A court prevents joint custody of a dog to avoid “problems” between a woman and her ex-boyfriend

The Court of First Instance number 7 of Pamplona has issued a surprising resolution regarding the custody of a dog, choosing to grant this custody exclusively to its owner in order to avoid “future problems” between her and her ex-boyfriend. The ruling also states that shared custody could also have harmful consequences for the animal itself.

The sentence, which has been echoed by Diario de Noticias de Navarra, has to do with the situation of a dog, born in July 2019 and adopted two months later, once the owners who took him in decided to separate, in October 2021, two years after adopting him.

Once this young couple, residing in the Pamplona conurbation, ended their relationship, custody of the dog became a cause of dispute. The pet stayed with her owner after the breakup was completed, since she was the administrative owner of the animal and had always lived in her home, along with the woman’s parents.

However, after some time, the man requested custody or shared possession of the animal in court, since, according to his complaint, a point had reached where the woman did not allow him to visit the dog. This is where the litigation began. Rafael Ruiz de la Cuesta, the judge who was in charge of the case, has agreed with the woman, since in his opinion shared custody would not benefit the couple in any way.

“Once the relationship is broken, it is estimated that it would be of no benefit to both members of the former couple to maintain any type of bond. The disaffection between them is understood to be total at this time. They are very young and each one has to project (or follow projecting his own life into the future regardless of the other,” states the sentence, published by Diario de Noticias.

In this sense, the judge points out that maintaining “a bond” for the next few years “would end up being a source of future problems,” alluding to the fact that some unpleasant episodes had already occurred between these people.

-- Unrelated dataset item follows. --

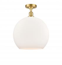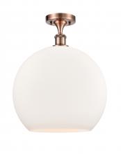 Athens - 1 Light - 14 inch - Antique Brass - Matte White Shade - Semi-Flush Mount

The magistrate also puts three other arguments on the table. According to him, by the time the couple sent a burofax stating that he wanted to share custody of the animal, more than a year had already passed during which he did not see the animal regularly. “By then a situation was consolidated in which the relationship focused and focused on the ex-girlfriend,” he says.

Likewise, the judge indicates that initiating shared custody and resuming “the bond” between the former couple would be detrimental to the animal itself.

Finally, the sentence highlights that the former owner of the animal has acquired a new pet, something that would have served to “ease the emptiness and pain” of not seeing his old pet.